The savings are not always present – testing is needed:
print(c(object.size(kernelWeights(X, bw = 0.5)),
object.size(kernelWeights(X, bw = 0.5, sparse = TRUE))))
#> [1] 8000216 11950880
Using kernels with limited support explicitly increases the savings owing to sparsity:
print(c(object.size(kernelWeights(X, kernel = "epanechnikov", bw = 0.6)),
object.size(kernelWeights(X, kernel = "epanechnikov", bw = 0.6, sparse = TRUE))))
#> [1] 8000216 3832976
smoothemplik
offers another storage format for sparse
weight matrices: a list with indices of non-zero elements in each row
and their values. Since the weights have to add up to one, by default,
it re-normalises the rows to add up to unity, which is why
renormalise = FALSE
is required to preserve the original
kernel weights.
set.seed(1)
nz <- c(1, 1, 0, 0, 0, 1, 1, 0, 1, 1, 1, 0, 0, 0, 1, 1)

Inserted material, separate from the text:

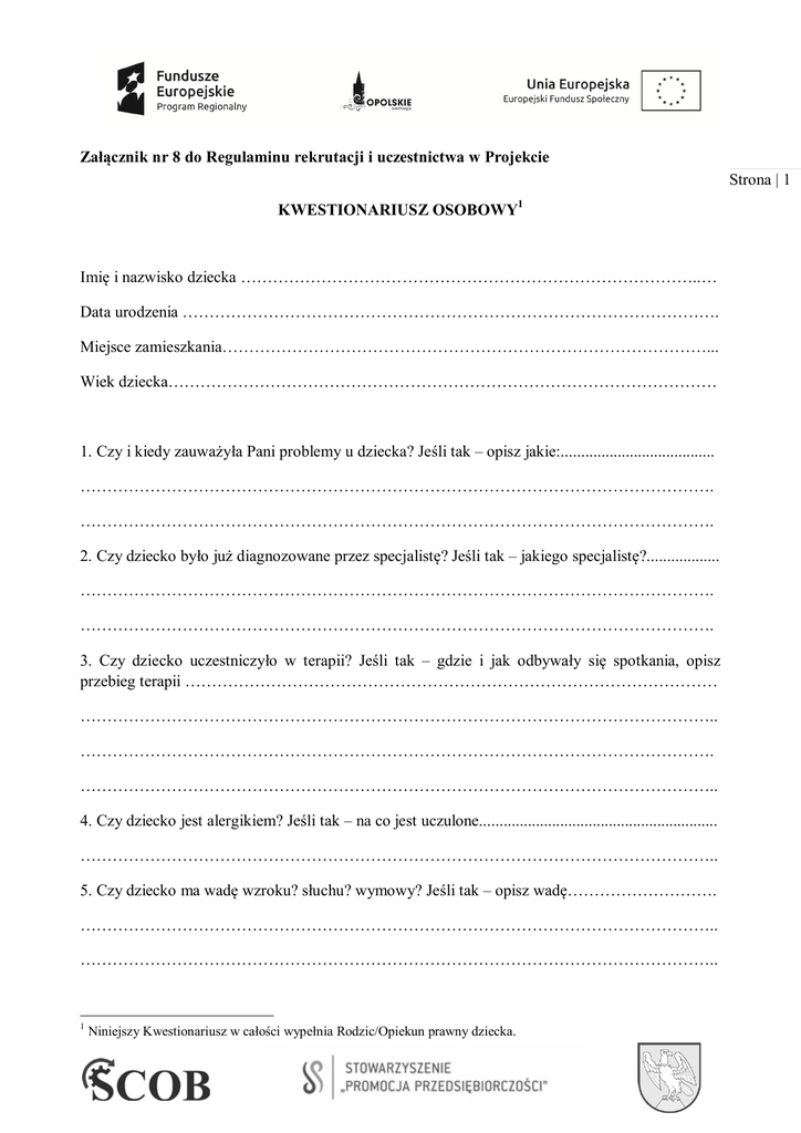 Załącznik nr 8 do Regulaminu rekrutacji i uczestnictwa w Projekcie Strona | 1 KWESTIONARIUSZ OSOBOWY1 Imię i nazwisko dziecka …………………………………………………………………………..… Data urodzenia ………………………………………………………………………………………. Miejsce zamieszkania………………………………………………………………………………... Wiek dziecka………………………………………………………………………………………… 1. Czy i kiedy zauważyła Pani problemy u dziecka? Jeśli tak – opisz jakie:...................................... ………………………………………………………………………………………………………. ………………………………………………………………………………………………………. 2. Czy dziecko było już diagnozowane przez specjalistę? Jeśli tak – jakiego specjalistę?.................. ………………………………………………………………………………………………………. ………………………………………………………………………………………………………. 3. Czy dziecko uczestniczyło w terapii? Jeśli tak – gdzie i jak odbywały się spotkania, opisz przebieg terapii ……………………………………………………………………………………… ……………………………………………………………………………………………………….. ………………………………………………………………………………………………………. ……………………………………………………………………………………………………….. 4. Czy dziecko jest alergikiem? Jeśli tak – na co jest uczulone........................................................... ……………………………………………………………………………………………………….. 5. Czy dziecko ma wadę wzroku? słuchu? wymowy? Jeśli tak – opisz wadę………………………. ……………………………………………………………………………………………………….. ……………………………………………………………………………………………………….. 1 Niniejszy Kwestionariusz w całości wypełnia Rodzic/Opiekun prawny dziecka. Okres przedszkolny (dotyczy dzieci w wieku przedszkolnym oraz starszych): 6. W jaki sposób dziecko się porusza – zgrabnie, niezgrabnie, ma problemy z koordynacją Strona | 2 ruchów?................................................................................................................................................ .............................................................................................................................................................. 7. Dziecko jest prawo-, lewo- czy oburęczne?..................................................................................... 8. Czy dziecko jest samodzielne np. potrafi się ubrać, zapiąć guziki?................................................ ……………………………………………………………………………………………………….. 9. Jakie jest dziecko - bardzo aktywne, czy chciało/chce długo siedzieć na kolanach?....................... ……………………………………………………………………………………………………….. 10. Czy dziecko potrafi skoncentrować się na aktualnych zadaniach np. słucha jak mu się czyta?.................................................................................................................................................... ……………………………………………………………………………………………………….. 11. Czy dziecko umiało/potrafi dostosować się do grupy przedszkolnej? Czy domagało/domaga się, żeby się do niego dostosować? Jak reagowało/reaguje?................................................................ ……………………………………………………………………………………………………….. ……………………………………………………………………………………………………….. 12. W jaki sposób dziecko wypowiada się – jaki ma zasób słów, wymowę?……………………….. …………………………………………………………………………………………………….…. 13. Na jakie bodźce dziecko jest wrażliwe np. dźwięk, dotyk? Wymienić......................................... ……………………………………………………………………………………………………….. 14. Czy dziecko jest uparte i nie lubi zmian?....................................................................................... ……………………………………………………………………………………………………...... 15. Czy dziecko jest agresywne wobec siebie, innych, zwierząt i przedmiotów? Czy dziecko szczypie, drapie, gryzie? Jeśli tak – opisać jak/czym przejawia się agresja................................................................................................................................................... ……………………………………………………………………………………………………….. ……………………………………………………………………………………………………….. 16. Czy dziecko ma kłopoty w kontaktach z ludźmi i zachowuje się nieadekwatnie do sytuacji? Opisać………………………………………………………………………………………………... ……………………………………………………………

m <- matrix(runif(16) * nz, nrow = 4, byrow = TRUE)
print(m)
#> [,1] [,2] [,3] [,4]
#> [1,] 0.2655087 0.37212390 0.0000000 0.0000000
#> [2,] 0.0000000 0.89838968 0.9446753 0.0000000
#> [3,] 0.6291140 0.06178627 0.2059746 0.0000000
#> [4,] 0.0000000 0.00000000 0.7698414 0.4976992
print(apply(m, 1, sparseVectorToList, renormalise = FALSE))
#> [[1]]
#> [[1]]$idx
#> [1] 1 2
#>
#> [[1]]$ct
#> [1] 0.2655087 0.3721239
#>
#>
#> [[2]]
#> [[2]]$idx
#> [1] 2 3
#>
#> [[2]]$ct
#> [1] 0.8983897 0.9446753
#>
#>
#> [[3]]
#> [[3]]$idx
#> [1] 1 2 3
#>
#> [[3]]$ct
#> [1] 0.62911404 0.06178627 0.20597457
#>
#>
#> [[4]]
#> [[4]]$idx
#> [1] 3 4
#>
#> [[4]]$ct
#> [1] 0.7698414 0.4976992
Not only the savings appear in large objects, the list of lists can
be passed to parallel::mclapply
for speed gains, and it
does not need conversion back to numeric, unlike sparse matrices. Here
is how it compares to the dgCMatrix
solution: the size is
slightly larger, but the large number of small row-based chunks can be
handled immediately without accessing the entire matrix. This is useful
in such applications as re-sampling, bootstrap, big-data handling
etc.
These examples showcase the speed improvements and comparable
accuracy of the Rcpp implementations over pure R code, making the
smoothemplik
a versatile and efficient tool for
non-parametric statistical analysis.